In 2013, I stopped carrying my camera everywhere and started working everywhere. Isn’t it a cruel thing to do something for your kids at the expense of time with them? It’s turned out to be the right thing but as I was sifting through my old hard drives trying to organize them, I realize how much my creative eye has missed. I haven’t watched them though my lens and I see them the best though that tiny eye-piece. I see them as a beautiful piece of art, as a moment gone forever and not as a kid who’s whining and won’t be getting her way anytime soon. I see them as subjects and not my kids who must be “mommed.” I’m better with my face smashed into the back of my camera.

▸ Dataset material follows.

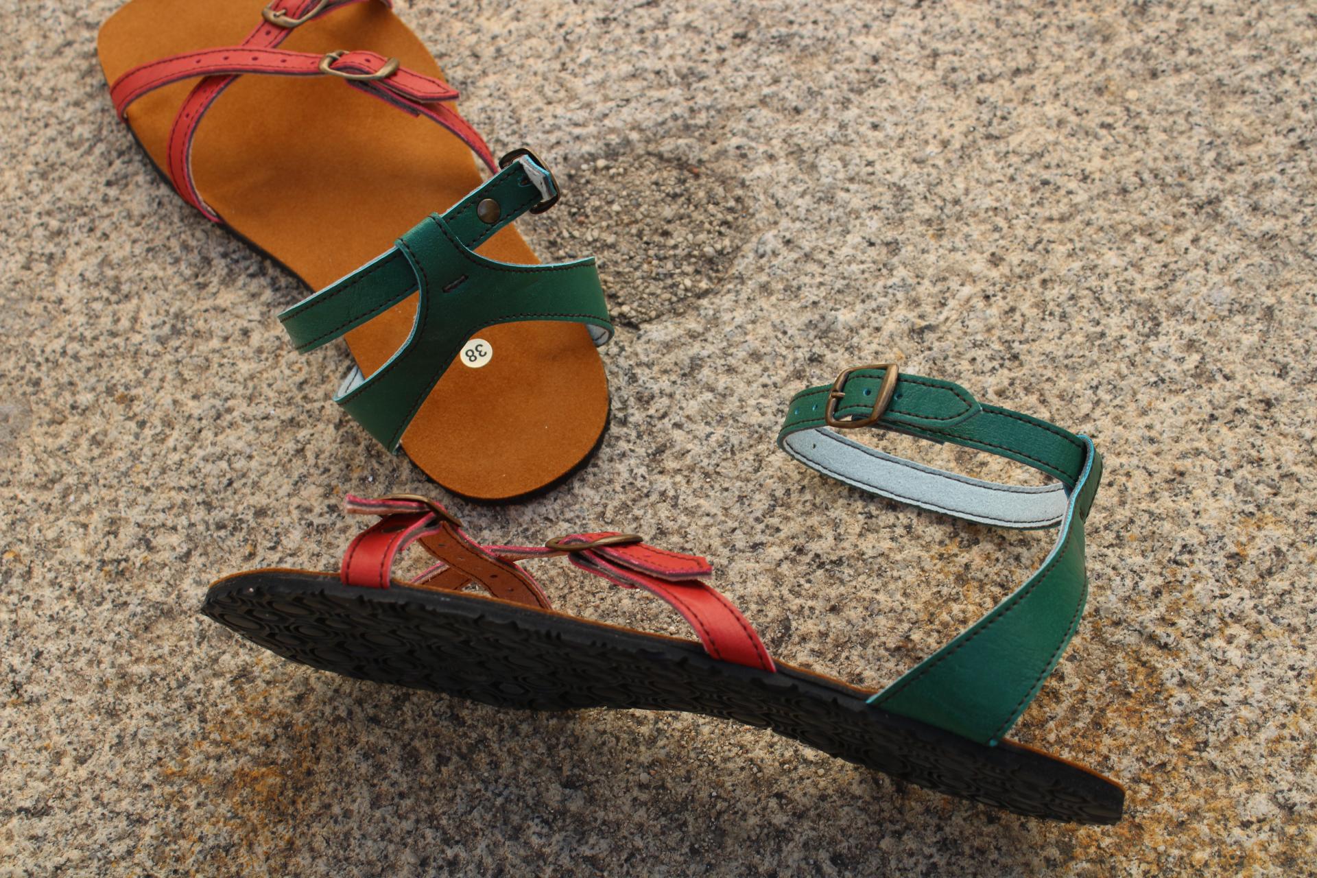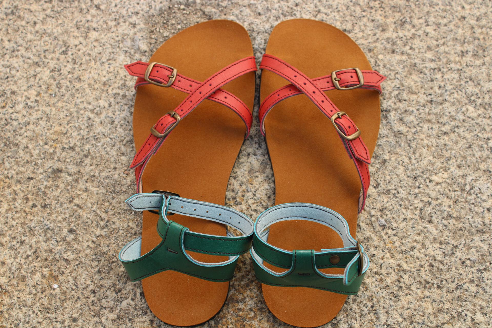 BAREFOOT CAROL, COLORVERDE Y ROJO, sandalias para mujer y hombre, calzado descalzo, sandalias veganas, eco-friendly, barefoot.

As I did more sorting, I decided now is the time to get back into it. To see them though my lens again and not just through the snap of my iPhone shutter button. It’s not the same, for me at least. God gave me the love of photography for a reason and I think it was to be able to give my kids the gift of their story before they were old enough to tell it.
So this weekend, I decided to do what I used to do and capture it. I used to call it “Our Weekend in Black and White” and that’s what it shall continue to be called. So here it is…
I challenge you to see your kids though your lens this weekend coming up. Just observe them and take pictures of what they do at this age. I’ll give you my black and white conversion tips this week so you’re fully prepared. It’s easy as pie. You’ll appreciate it in a couple of years when they’re 2 years older and 2 years closer to not being around to document.